Pierwsze spotkanie w barwach Interu Miami Lionel Messi ma już za sobą. Argentyńczyk pojawił się w 54. minucie meczu z Cruz Azul w ramach Pucharu Ligi, w którym rywalizują kluby z MLS oraz Liga MX i po jego bramce w doliczonym czasie gry amerykański zespół zwyciężył 2:1.
I wystarczyło tylko jedno spotkanie, by gwiazdor został mianowany kapitanem swojej nowej drużyny. Według The Athletic trener Gerardo Martino potwierdził już, że niebawem do tego dojdzie. I to pomimo tego, że dotychczas rozegrał 37 minut w barwach Interu Miami.
Argentyńczyk był już kapitanem w meczu z Cruz Azul. Po tym, jak pojawił się na murawie przejął opaskę od DeAndre Yedlina.
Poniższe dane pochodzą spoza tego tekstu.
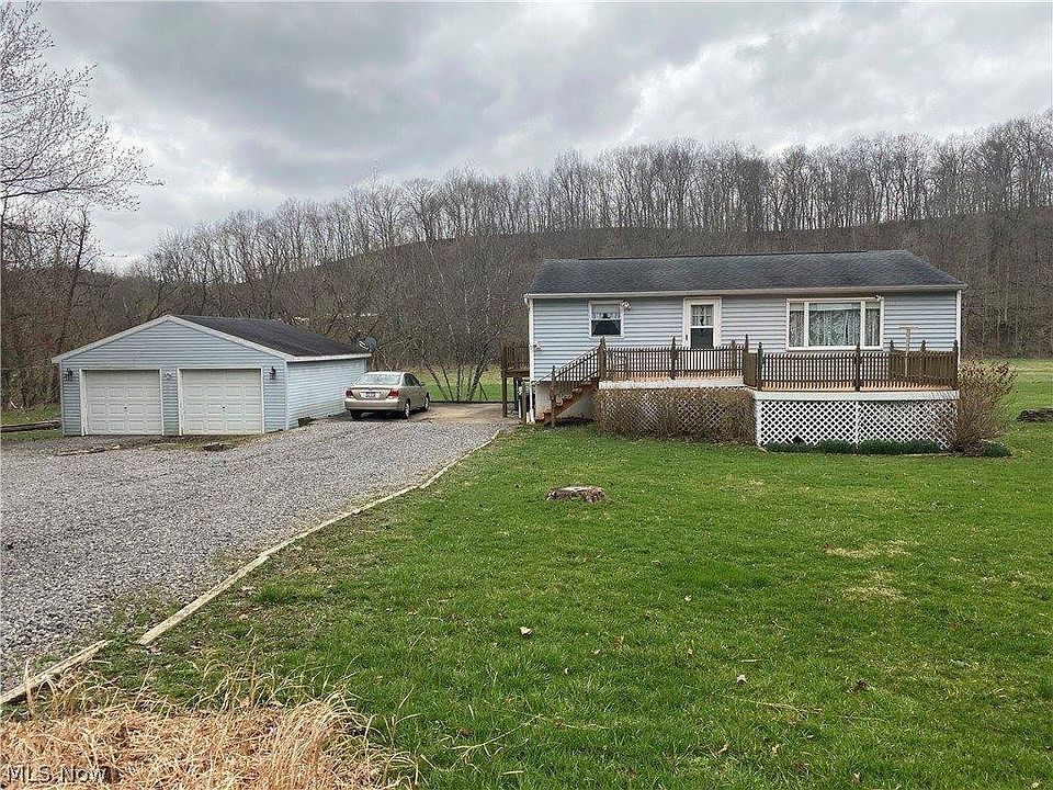 Nice convenient country setting in John Glenn schools! This raised ranch home has 4 bedrooms and 2 full baths. Spacious Living room and fully finished walk out basement which includes 2 of the bedrooms, family room, full bath and a canning kitchen. There is also a 2 car detached garage and a storage building. Nice big deck off of the front of the home. There are 5 acres that's included with this great home. Some of the acreage in the back of the property is wooded. Part of the back yard is in the 100 year flood plain. Flood map does show house and garage being outside of the flood plain.

Tym samym wszystko wskazuje na to, że Messi przejmie rolę brazylijskiego pomocnika Gregore.
ZOBACZ WIDEO: #dziejesiewsporcie: skradł show przed graczami Juventusu. Zobacz, co zrobił z piłką
29-latek był długoletnim kapitanem, ale teraz przytrafiła mu się długotrwała kontuzja. To powoduje, że najprawdopodobniej po powrocie na boisko będzie mógł zapomnieć o dotychczasowej roli. Jednak biorąc pod uwagę transfer 36-latka Gregore był zapewne przygotowany na taki obrót sprawy.
Messi do Interu Miami przeniósł się z Paris Saint-Germain. Gdy wydawało się, że Argentyńczyk wróci do FC Barcelony, ostatecznie zdecydował się na zmianę kontynentu. Wraz z nim klub ten zasilili także Sergio Busquets i Jordi Alba, a mówi się, że dołączy do nich Andres Iniesta.
W nocy z wtorku na środę amerykański klub rozegra drugi mecz w ramach Pucharu Ligi. Rywalem Interu Miami będzie Atlanta United, a w spotkaniu tym od początku mają wystąpić Messi oraz Busquets.